Superposition is a problem-solving technique that involves breaking down a circuit into smaller, simpler sub-circuits and analyzing each one separately. This method is especially useful when dealing with circuits that have dependent sources, as it allows us to determine the effect of each source on the circuit's overall behavior.

## 2. What is a dependent source in a circuit?

A dependent source is a type of circuit element whose output is determined by some other parameter or component in the circuit. This can be a voltage or current source that is dependent on the voltage or current of another source or element in the circuit.

## 3. What is the first step in using superposition to solve a circuit with dependent sources?

The first step is to identify all the sources in the circuit, both independent and dependent. Then, we need to turn off all but one of the independent sources and analyze the resulting circuit. This will give us the contribution of that source to the overall circuit behavior.

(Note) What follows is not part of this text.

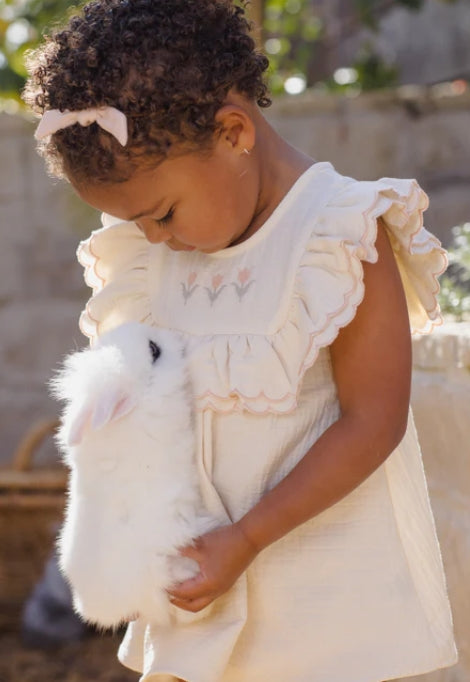Our Lulu Dress is perfect for your springtime occasions. Featuring a gathered ruffle with merrowed edge detail along the chest with tulip embroidery and buttons on back for easy changes.

## 4. Are there any limitations to using superposition to solve circuits with dependent sources?

Yes, there are some limitations to using superposition. This method can only be applied to linear circuits, meaning that all the circuit elements must follow Ohm's law and have a linear relationship between voltage and current. Additionally, it can only be used for circuits with a single frequency source.

## 5. Can superposition be used for circuits with multiple dependent sources?

Yes, superposition can be used for circuits with multiple dependent sources. In this case, we would need to repeat the process for each dependent source, turning off all the other sources and analyzing the circuit separately. Then, we can combine the results to determine the overall behavior of the circuit.